ASSIGNED TASK: Only the lines from the start of the data to the line containing "10个装 L型亚克力台卡桌牌 透明商品标价牌价格牌超市标签展示牌热门设计联盟服务商", both included, should be output, exactly and without pictures.

SUPPLIED DATA:

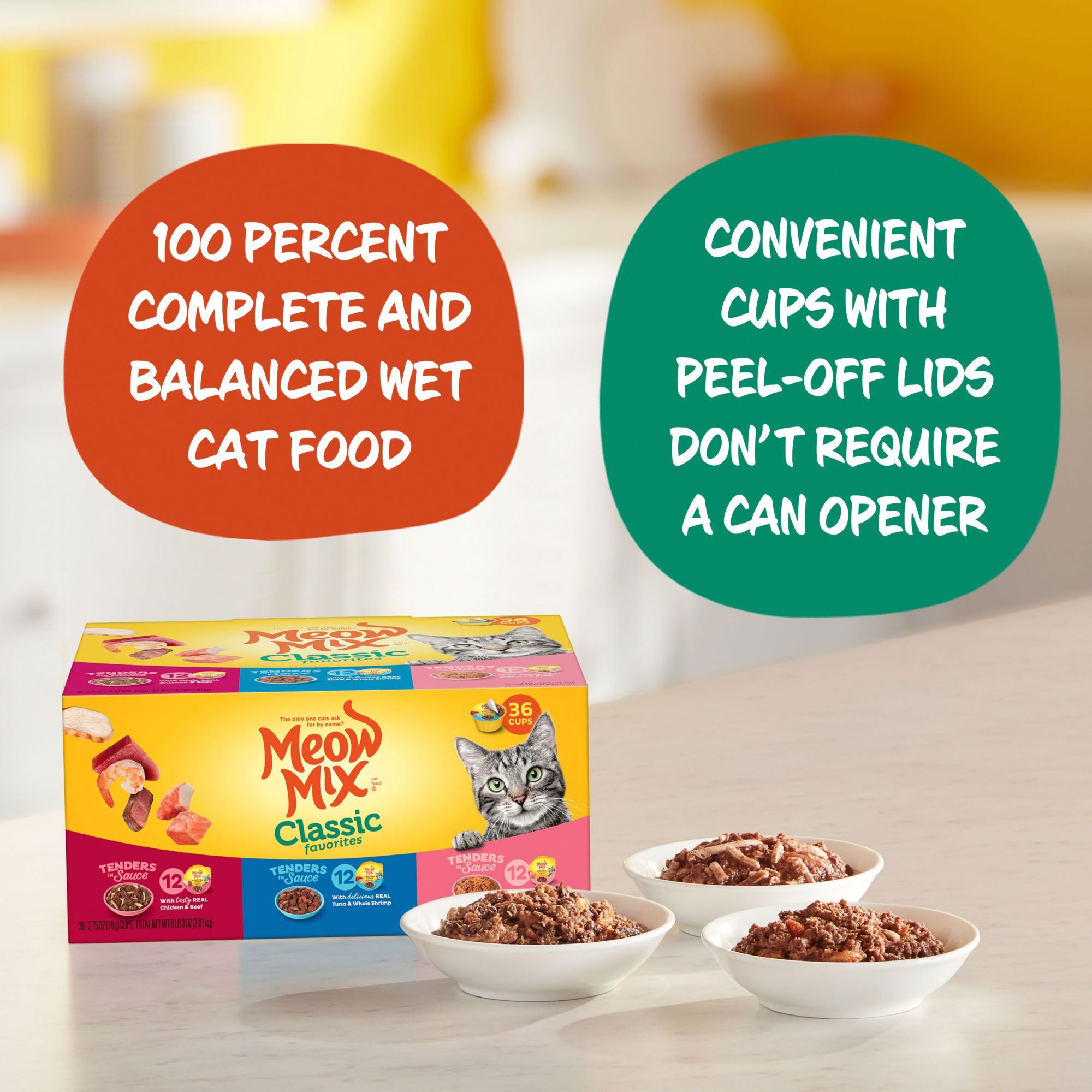 The irresistible appeal of Meow Mix cat food, The Only One Cats Ask for by Name Contains 36 cups total (2.75 oz. each) of Meow Mix wet cat food in three (3) flavors
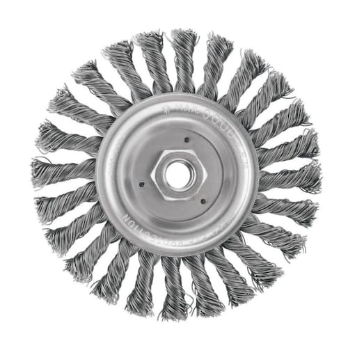 DEWALT Roda de arame, 15 cm, torção completa do cabo, aço carbono, mandril de 11 mm (5/20.3 cm) (DW4937) - O fio de aço inoxidável ou carbono tratado termicamente oferece ação de escovação agressiva de longa duração para a roda de arame - A estrutura interna da placa de retenção oferece movimento reduzido do nó e maior controle e vida útil da escova - Construído com placa de fixação interna para garantir consistência e segurança
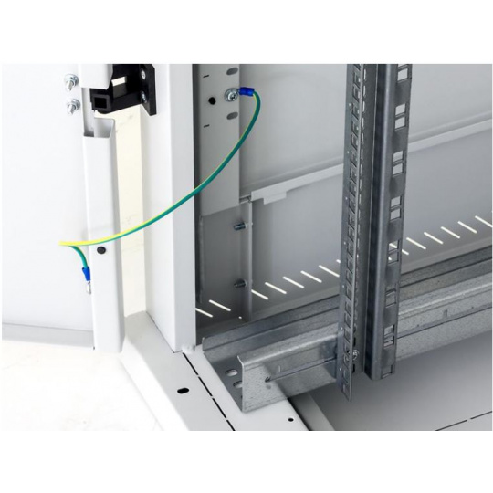 (platí pre šírku stojana 800 mm). Systém umožňuje inštaláciu posuvných vertikálnych koľajníc v rozpätiach 19", 21" a 23", presne podľa požiadaviek inštalovaného zariadenia.
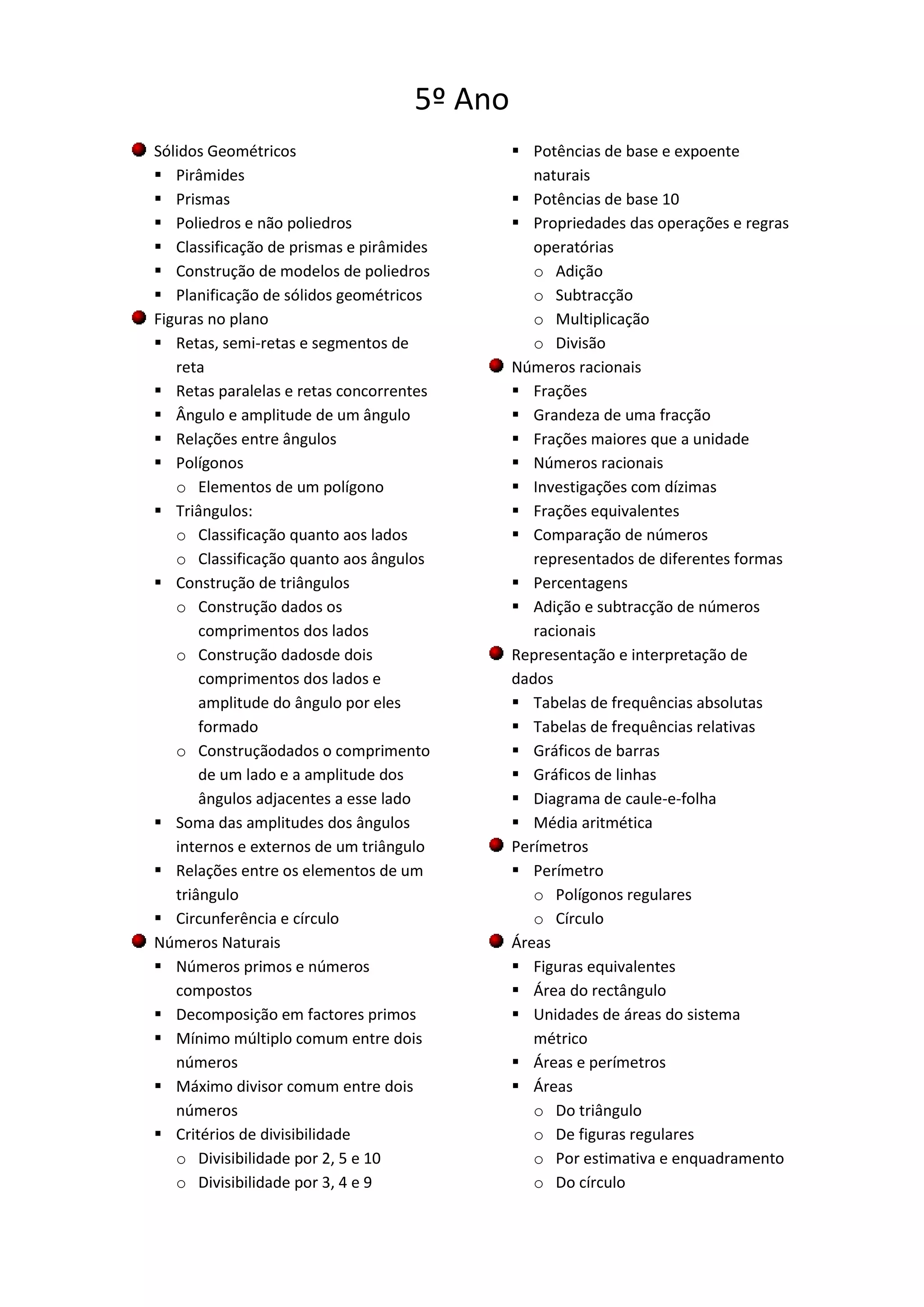 Este documento apresenta os tópicos que serão abordados nos 5o e 6o anos de escolaridade em matemática. No 5o ano, os alunos estudarão sólidos geométricos, figuras no plano, números naturais, racionais e representação de dados. No 6o ano, serão estudadas isometrias, volumes, números inteiros e relações entre números.
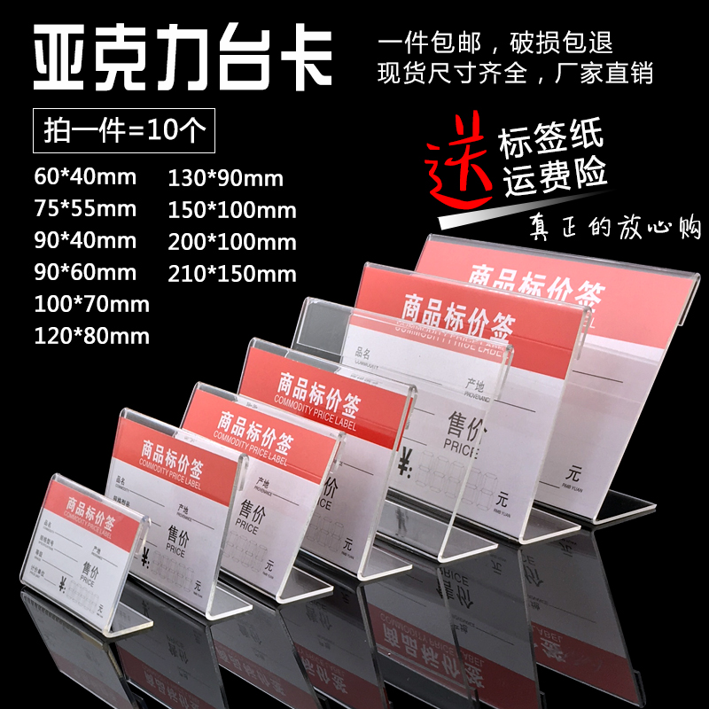 10个装 L型亚克力台卡桌牌 透明商品标价牌价格牌超市标签展示牌热门设计联盟服务商
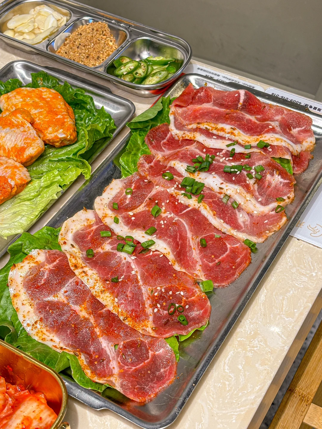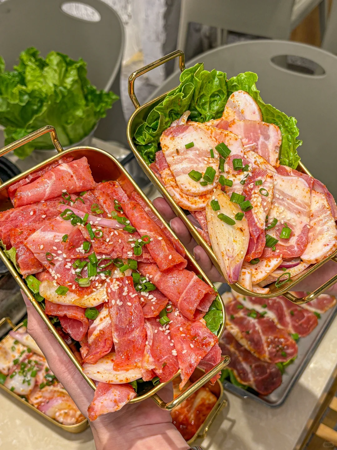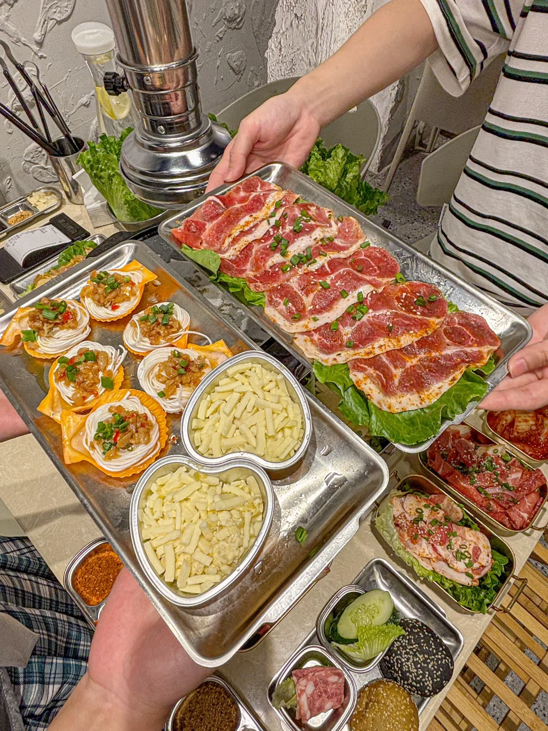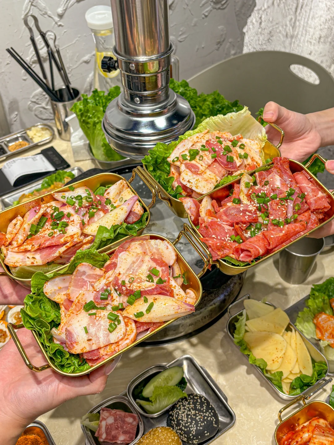 😋在万达金街踱步,远远就被来点烤肉的香味吸引到,店内装修主打简约的ins风,很符合现在年轻人的审美 👨🏿‍🌾人均就60左右就可以在这家店满足味蕾需求!纯碳烤除外,各位小料菜品也是特别齐全在线,真的很适合学生党打工人! 🍖招牌五花肉 在烤盘上烤得滋滋冒油,烤半焦嫩的五花肉配上生菜一口下去真的超级满足,真的和平时吃到味道不一样! 🍔汉堡DIY 可以按照自己喜好添加,个人推荐黄瓜🥒➕培根肉🥓➕芝士🧈 🥩招牌牛肉 鲜嫩多汁的牛肉在烤盘上发出得香味真的超级诱人,个人觉得烤到6分熟口感最佳,配上秘制酱料,入口真的超级滑嫩又有嚼劲 🏠:来点烤肉(漳州碧湖万达广场店) 📍:龙文区建元东路2号漳州碧湖万达广场
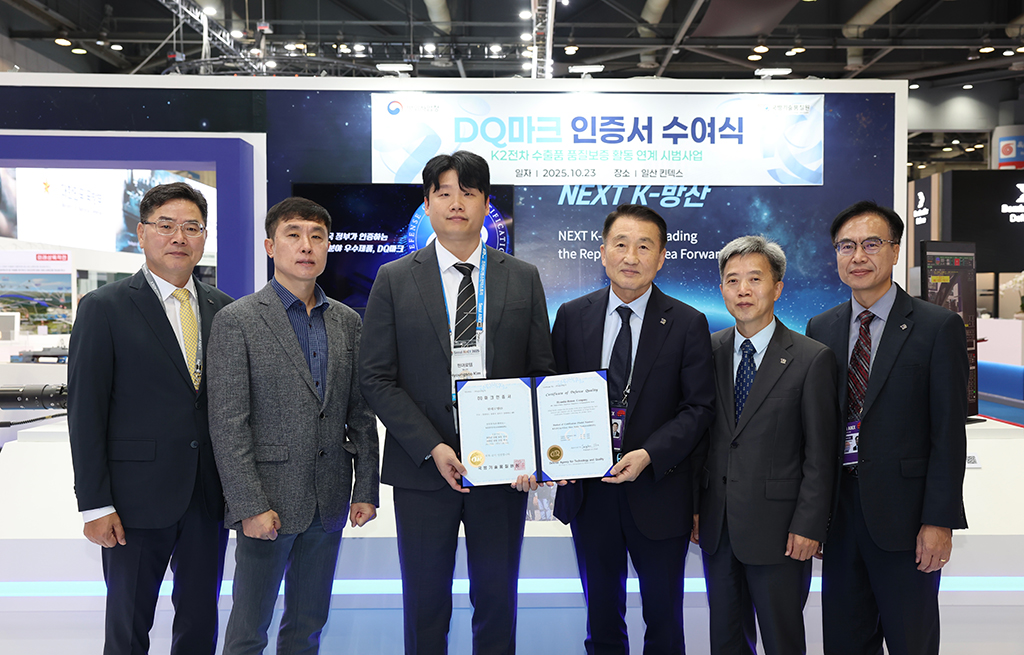 행사기간 중인 23일, 국방기술품질원은 통합홍보관에서 ‘DQ마크 인증 수여식’을 개최했다. K2 전차 주요 부품을 생산하는 30개 협력업체의 321개 품목이 DQ마크 공식 인증을 받았다. 이는 K2 전차 수출과 직결된 핵심 구성품으로, 유럽·중동·동남아 등 신규 시장 진출에 한층 속도를 더할 전망이다.
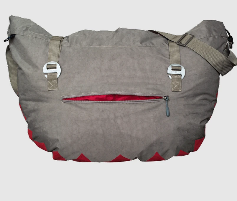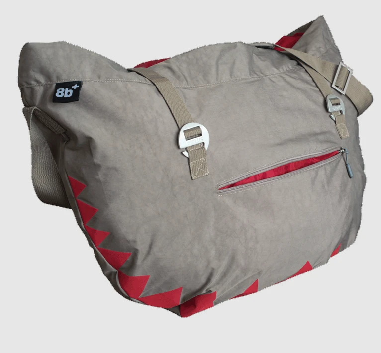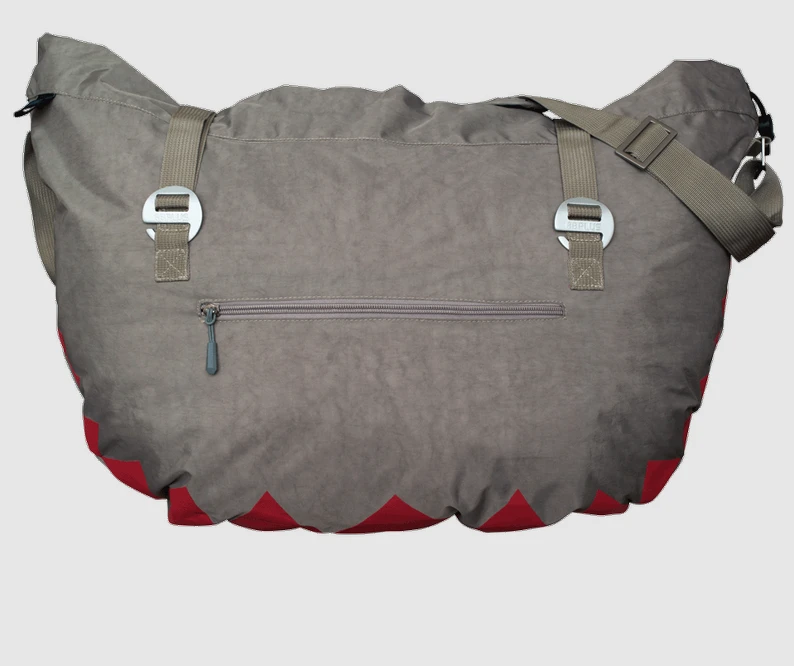 K dispozici jsou popruhy pro přizpůsobení velikosti brašny a rukojeť pro přenášení. Taška má polyuretanový povlak, který zvyšuje jeho voděodolnost.
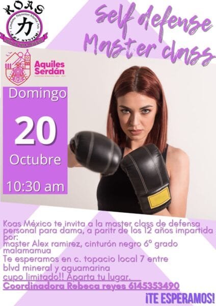 El Master Alex Ramírez cinturón negro sexto grado Malamamua por parte de Koas México impartirá el curso a mujeres a partir de los 12 años en un evento coordinado por Rebeca Reyes en Aquiles Serdán mientras que en Chihuahua será CUFISA el encargado bajo la misma dinámica.

TASK RESULT:
 The irresistible appeal of Meow Mix cat food, The Only One Cats Ask for by Name Contains 36 cups total (2.75 oz. each) of Meow Mix wet cat food in three (3) flavors
 DEWALT Roda de arame, 15 cm, torção completa do cabo, aço carbono, mandril de 11 mm (5/20.3 cm) (DW4937) - O fio de aço inoxidável ou carbono tratado termicamente oferece ação de escovação agressiva de longa duração para a roda de arame - A estrutura interna da placa de retenção oferece movimento reduzido do nó e maior controle e vida útil da escova - Construído com placa de fixação interna para garantir consistência e segurança
 (platí pre šírku stojana 800 mm). Systém umožňuje inštaláciu posuvných vertikálnych koľajníc v rozpätiach 19", 21" a 23", presne podľa požiadaviek inštalovaného zariadenia.
 Este documento apresenta os tópicos que serão abordados nos 5o e 6o anos de escolaridade em matemática. No 5o ano, os alunos estudarão sólidos geométricos, figuras no plano, números naturais, racionais e representação de dados. No 6o ano, serão estudadas isometrias, volumes, números inteiros e relações entre números.
 10个装 L型亚克力台卡桌牌 透明商品标价牌价格牌超市标签展示牌热门设计联盟服务商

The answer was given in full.